*** Block opens ***
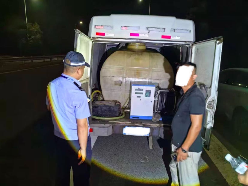为精准打击违法行为,执法人员先通过市民提供的线索划定重点区域,再结合路段监控追踪可疑车辆轨迹,最终锁定一辆频繁在天目路周边活动的改装面包车。行动当天,执法人员在附近设伏,当面包车停靠路边,正为货车连接油管加油时,立即上前控制现场。
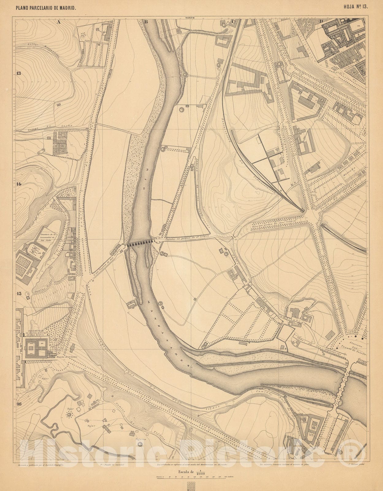 Historic Map : Hoja No. 13. Plano parcelario de Madrid, 1874, Vintage Wall Decor
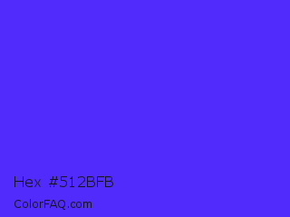Hex #512bfb Color is a normal indigo color and the nearest color is Han Purple #5218fa. Hex code #512bfb and RGB value is rgb(81,43,251). In RGB color space, this color is composed of 32% red, 17% green, 98% blue, In CMYK color space, this color is composed of 68% cyan, 83% magenta, 0% yellow , 2% black , In HSL color space, this color has a hue angle of 251° , 96% saturation and 58% lightness.
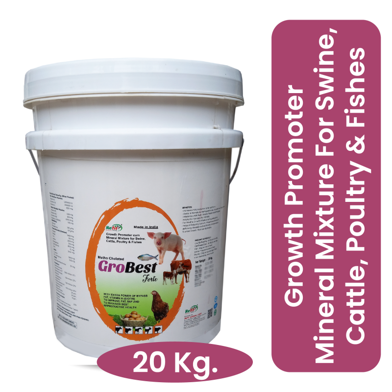Metho Chelated Mineral Mixture Powder and Growth Promoter for Cow, Buffalo, Cattle, Poultry and Aqua, 20 Kg, Grobest
*** Block closes ***
Your copy should hold only the lines running from the one that contains "Hex #512bfb Color" through the final line of the data; transcribe them exactly, both ends included, and leave pictures out.

[PROBLEM SOLUTION]
Hex #512bfb Color is a normal indigo color and the nearest color is Han Purple #5218fa. Hex code #512bfb and RGB value is rgb(81,43,251). In RGB color space, this color is composed of 32% red, 17% green, 98% blue, In CMYK color space, this color is composed of 68% cyan, 83% magenta, 0% yellow , 2% black , In HSL color space, this color has a hue angle of 251° , 96% saturation and 58% lightness.
Metho Chelated Mineral Mixture Powder and Growth Promoter for Cow, Buffalo, Cattle, Poultry and Aqua, 20 Kg, Grobest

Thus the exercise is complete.